* TASK INPUT
⟨
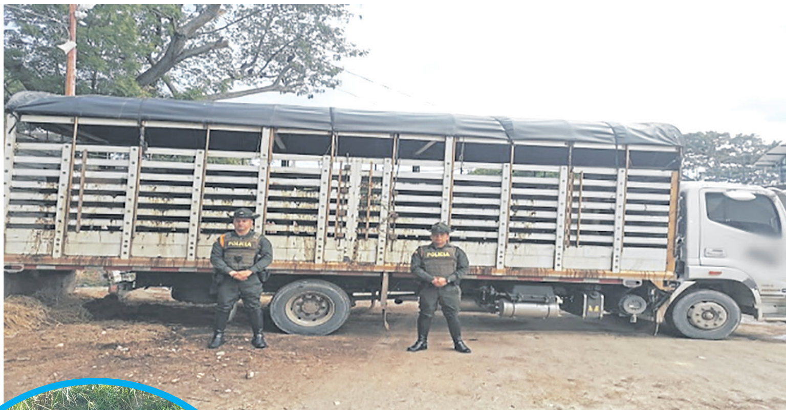
Dieciséis cabezas de ganado, valoradas en $30 millones, fueron recuperadas en noviembre de 2023.

“Las víctimas están asistiendo a los puntos donde son citados y dependiendo de las actividades a que se dedican, así les exigen los montos de dinero, que van desde los $5 millones, hasta los $30 millones. Y esto preocupa porque es arrebatarle la tranquilidad a los productores y es una realidad que está pasando en el departamento del
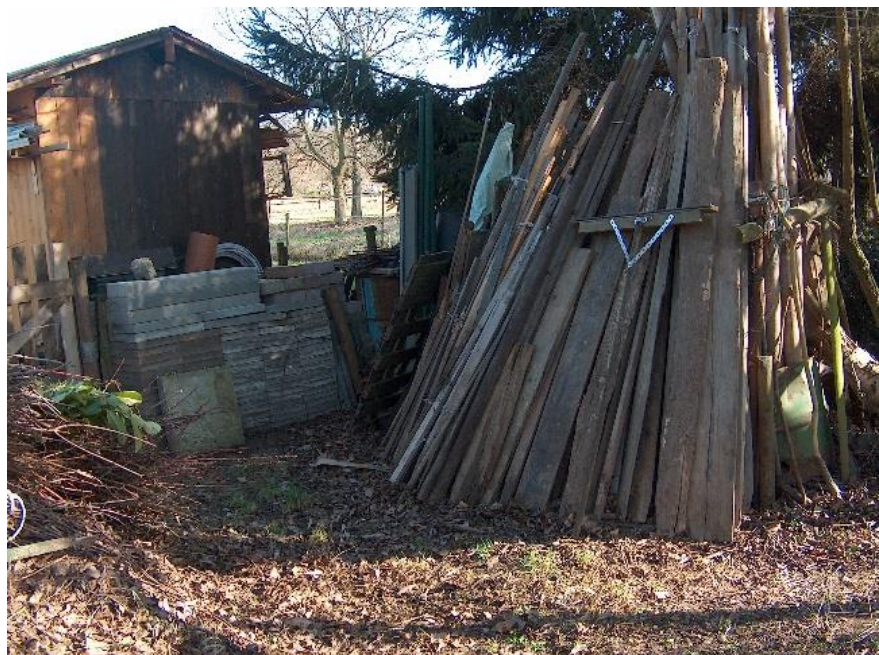
Abb. 6: Lagerung von Holz und anderem Material an den Ufern und im Gewässerrandstreifen – hässlich und bei Hochwasser gefährlich

➤ Treibgut besteht nur zum Teil aus Totholz! Oft ist es eben nicht der Bewuchs im Außenbereich und das im Gewässer mitgeführte Totholz, das die Probleme allein verursacht, vielmehr trägt auch die Lagerung von Material am Gewässer dazu bei. Sie werden bei Hochwasser weggespült, verstopfen die nächste Engstelle und erhöhen in diesem Bereich die Überflutungsgefahr. Insbesondere in der Ortslage sind (illegale) Einbauten am Gewässer (z.B. Stege und Zäune) und die Ablagerung von Holz, Abfällen u. Ä. an den Ufern zu unterbinden. Daher ist es notwendig, die Gewässeranlieger auf ihre Verantwortung sowie mögliche Haftungsfolgen hinzuweisen, für die Freihaltung der Ufer zu
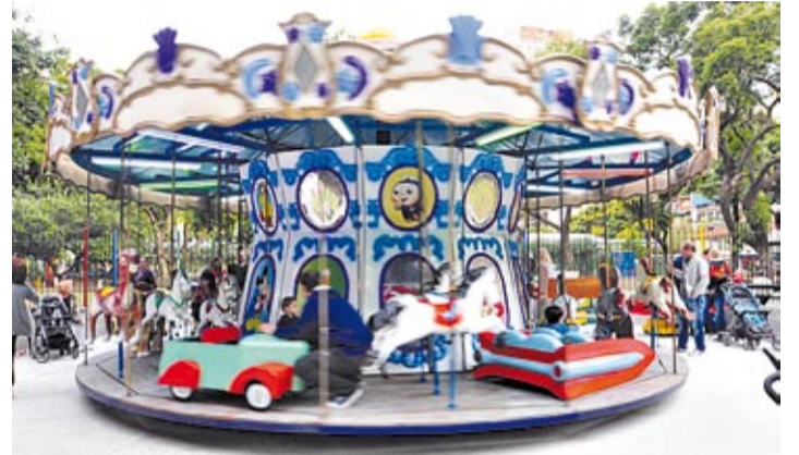
Las calesitas, una tradición para mantenerse en las plazas porteñas.

Aprobado. Los tradicionales carruseles en espacios públicos ya cuentan con su marco regulatorio.
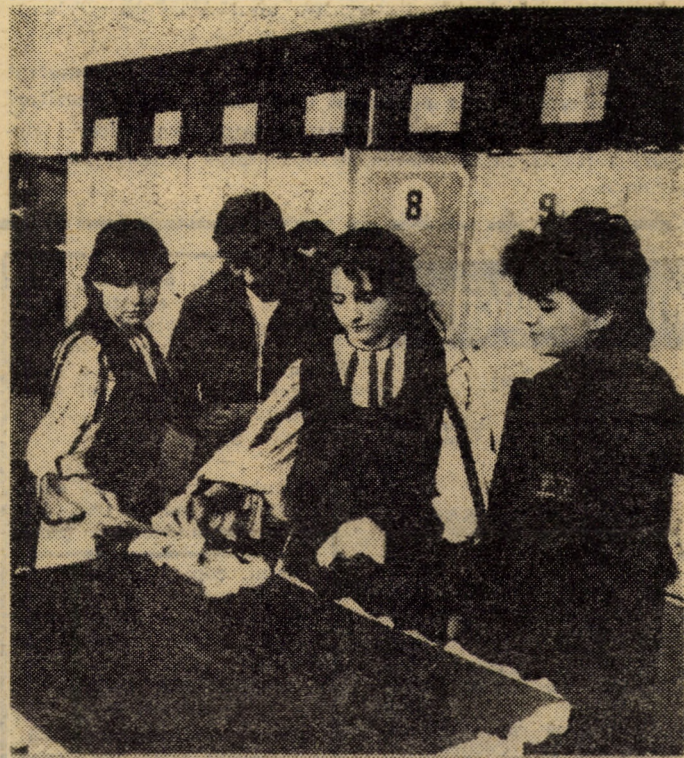
Primul vot — legămînt pentru viitorul luminos al patriei
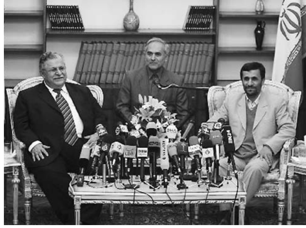
11月27日,伊朗总统艾哈迈迪-内贾德(右)在德黑兰总统府与伊拉克总统塔拉巴尼(左)举行会谈。

新华社德黑兰11月27日电(记者 徐伊伊 梁有昶)应伊朗总统艾哈迈迪-内贾德邀请,伊拉克总统塔拉巴尼27日晚飞抵德黑兰,开始对伊朗进行访问。 据伊朗国家电视台报道,塔拉巴尼在机场受到了伊朗外长穆塔基的热烈欢迎,随后在伊朗总统府同艾哈迈迪-内贾德举行了会谈。根据访问计划,塔拉巴尼28日将与伊朗最高领袖哈梅内伊举行会谈。 伊朗官方20日邀请伊拉克和叙利亚两国总统于上周末在德黑兰举行会谈,重点商讨如何改善伊拉克国内局势等问题,但到目前为止,叙利亚方面并没有对该会谈作出积极回应。塔拉巴尼则接受邀请并曾计划于25日访问德黑兰,但由于伊拉克上周发生一系列爆炸袭击事件,伊拉克当局在巴格达实施3天宵禁并关闭了巴格达国际机场,直到27日才重新开放。 西方国家一直认为,伊朗同伊拉克国内的什叶派武装联系密切。此间舆论认为,塔拉巴尼此行将就伊拉克不断恶化的安全局势向伊朗寻求帮助。自从共和党在美国中期选举中失利后,布什政府一直承受着国内要求其和伊朗、叙利亚接触以稳定伊拉克局势的压力。而艾哈迈迪-内贾德26日则说,如果美国改变对伊朗的霸权政策,伊朗将帮助美国稳定伊拉克局势。
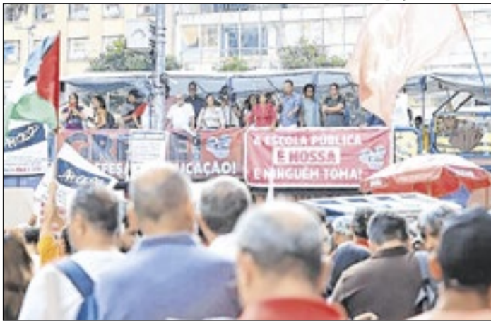
Professores devem participar de assembleia no Masp
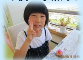
かわいいどんぐりアートが出来たね(▽)/

2023年7月16日に、開館2周年を迎えました！ これまでご来館された方々に感謝申し上げます。 これからも、皆様が楽しく安心してご利用いただけるよう、 「安心の子育てパーク」を目指していきます。 今後とも霧島市こども館すかいぴあを宜しくお願い致します！
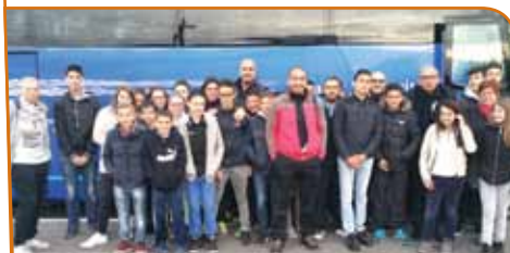
Les jeunes du LALP au départ de Nausicaa

Elle a aussi créé les LALP (Lieux d'Accueil et de Loisirs de Proximité) pour les 11/17 ans des quartiers des Florallies et de la Briquette.
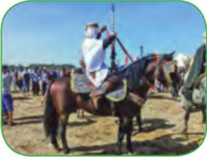
وعدة سبدي بوشبي مرسى بن مهدي
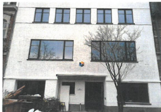
Façade après travaux, © CRMS, février 2019
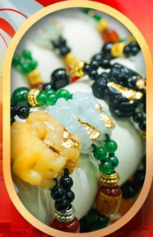
ร้านหยกอัญมณี
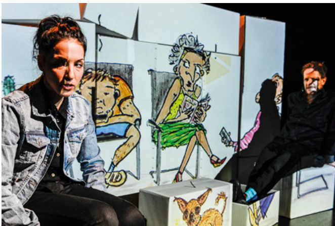
Not Interesting Kabarett
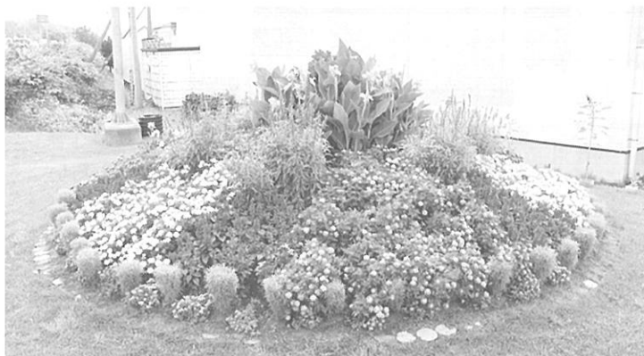
自治会花だんの部 優秀賞 長和20区自治会
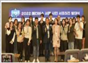
메타버스 서울 시민 서포터즈
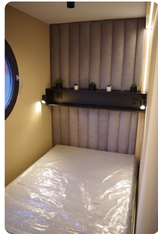
Shogun Hausboot 1000 7
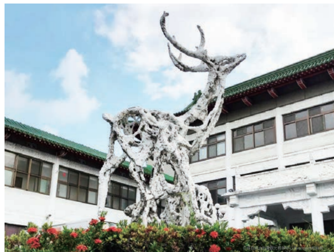
台中教師會館「梅花鹿」
⟩
* REQUIRED WORK
What's needed here is an exact repeat of all the records above, pictures excluded.

* RESULT OF THIS EXERCISE
Dieciséis cabezas de ganado, valoradas en $30 millones, fueron recuperadas en noviembre de 2023.

“Las víctimas están asistiendo a los puntos donde son citados y dependiendo de las actividades a que se dedican, así les exigen los montos de dinero, que van desde los $5 millones, hasta los $30 millones. Y esto preocupa porque es arrebatarle la tranquilidad a los productores y es una realidad que está pasando en el departamento del
Abb. 6: Lagerung von Holz und anderem Material an den Ufern und im Gewässerrandstreifen – hässlich und bei Hochwasser gefährlich

➤ Treibgut besteht nur zum Teil aus Totholz! Oft ist es eben nicht der Bewuchs im Außenbereich und das im Gewässer mitgeführte Totholz, das die Probleme allein verursacht, vielmehr trägt auch die Lagerung von Material am Gewässer dazu bei. Sie werden bei Hochwasser weggespült, verstopfen die nächste Engstelle und erhöhen in diesem Bereich die Überflutungsgefahr. Insbesondere in der Ortslage sind (illegale) Einbauten am Gewässer (z.B. Stege und Zäune) und die Ablagerung von Holz, Abfällen u. Ä. an den Ufern zu unterbinden. Daher ist es notwendig, die Gewässeranlieger auf ihre Verantwortung sowie mögliche Haftungsfolgen hinzuweisen, für die Freihaltung der Ufer zu
Las calesitas, una tradición para mantenerse en las plazas porteñas.

Aprobado. Los tradicionales carruseles en espacios públicos ya cuentan con su marco regulatorio.
Primul vot — legămînt pentru viitorul luminos al patriei
11月27日,伊朗总统艾哈迈迪-内贾德(右)在德黑兰总统府与伊拉克总统塔拉巴尼(左)举行会谈。

新华社德黑兰11月27日电(记者 徐伊伊 梁有昶)应伊朗总统艾哈迈迪-内贾德邀请,伊拉克总统塔拉巴尼27日晚飞抵德黑兰,开始对伊朗进行访问。 据伊朗国家电视台报道,塔拉巴尼在机场受到了伊朗外长穆塔基的热烈欢迎,随后在伊朗总统府同艾哈迈迪-内贾德举行了会谈。根据访问计划,塔拉巴尼28日将与伊朗最高领袖哈梅内伊举行会谈。 伊朗官方20日邀请伊拉克和叙利亚两国总统于上周末在德黑兰举行会谈,重点商讨如何改善伊拉克国内局势等问题,但到目前为止,叙利亚方面并没有对该会谈作出积极回应。塔拉巴尼则接受邀请并曾计划于25日访问德黑兰,但由于伊拉克上周发生一系列爆炸袭击事件,伊拉克当局在巴格达实施3天宵禁并关闭了巴格达国际机场,直到27日才重新开放。 西方国家一直认为,伊朗同伊拉克国内的什叶派武装联系密切。此间舆论认为,塔拉巴尼此行将就伊拉克不断恶化的安全局势向伊朗寻求帮助。自从共和党在美国中期选举中失利后,布什政府一直承受着国内要求其和伊朗、叙利亚接触以稳定伊拉克局势的压力。而艾哈迈迪-内贾德26日则说,如果美国改变对伊朗的霸权政策,伊朗将帮助美国稳定伊拉克局势。
Professores devem participar de assembleia no Masp
かわいいどんぐりアートが出来たね(▽)/

2023年7月16日に、開館2周年を迎えました！ これまでご来館された方々に感謝申し上げます。 これからも、皆様が楽しく安心してご利用いただけるよう、 「安心の子育てパーク」を目指していきます。 今後とも霧島市こども館すかいぴあを宜しくお願い致します！
Les jeunes du LALP au départ de Nausicaa

Elle a aussi créé les LALP (Lieux d'Accueil et de Loisirs de Proximité) pour les 11/17 ans des quartiers des Florallies et de la Briquette.
وعدة سبدي بوشبي مرسى بن مهدي
Façade après travaux, © CRMS, février 2019
ร้านหยกอัญมณี
Not Interesting Kabarett
自治会花だんの部 優秀賞 長和20区自治会
메타버스 서울 시민 서포터즈
Shogun Hausboot 1000 7
台中教師會館「梅花鹿」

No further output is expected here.